TransLink tackling pigeon problem at newly-constructed SkyTrain platform

Dec 25 2018, 6:11 am

The Expo Line platform area of Commercial-Broadway Station now feels far more open, brighter, and airier with an additional fifth platform, but passengers will not benefit from the huge station capacity increase until early-2019 when the expansion is scheduled to open.

In the meantime, it appears some feathered friends in the form of pigeons are already beginning to get acquainted with the place, and TransLink is less than impressed.

“Pigeons generally are a challenge,” said TransLink spokesperson Aliya Mohamed. “They’re a challenge across the system, they pose health and safety risks for our customers and when they’re in the system they tend to do things like trigger intrusion alarms.”

Pigeons, however, are not a new issue around SkyTrain stations.

“We’ve done a lot of things across the past couple of years to manage the situations,” she added.

Mohamed told Daily Hive this includes things like putting up spikes, netting, frequency sounds that “mimic raptor calls,” and don’t-feed-the-birds-campaigns.

In January of this year, TransLink introduced a pilot project in which it partnered with Maple Ridge-based predatory bird operation, Raptors Ridge Birds of Prey, to bring predatory birds, falcons, and hawks to the various stations “in order to change the habits of the pigeons and deter them from returning.”

Now, with the new platform inching closer to completion, TransLink said the Raptors will be returning in 2019 to help combat the problem, and they are “also in the process of looking at something more long-term and more permanent.”

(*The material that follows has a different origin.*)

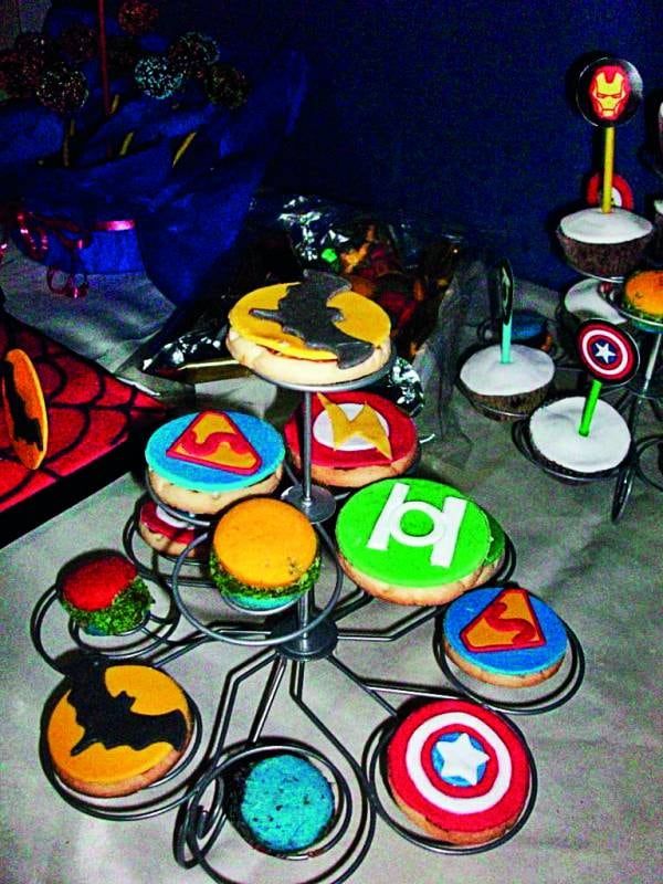La mesa estaba repleta de cake pops bañados en chocolate, a los que se les colocó capitas. Además, cupcakes con el logo de cada superhéroe, topiarios con marshmallows y gomitas, frascos con mix de golosinas, trufas simulando ser bombas, alfajorcitos de maicena teñidos en diferentes colores y la super torta en dos pisos con todos los personajes presentes.

When asked if she could elaborate on what some of those more permanent and long-term plans were as well as a timeline for implementation, Mohamed said she couldn’t get into the details at this point because they are “still working through all of that,” but added that customers should keep an eye out during the “first quarter of 2019.”

Construction on the $60-million SkyTrain station expansion and upgrade project began in mid-2015. The project was originally slated for a summer opening, but it was later pushed to this fall and now early next year.

As a major hub and with the high rate of growth in regional transit ridership, the station is anticipated to become even busier over the coming years, especially once the Millennium Line’s Broadway Extension opens.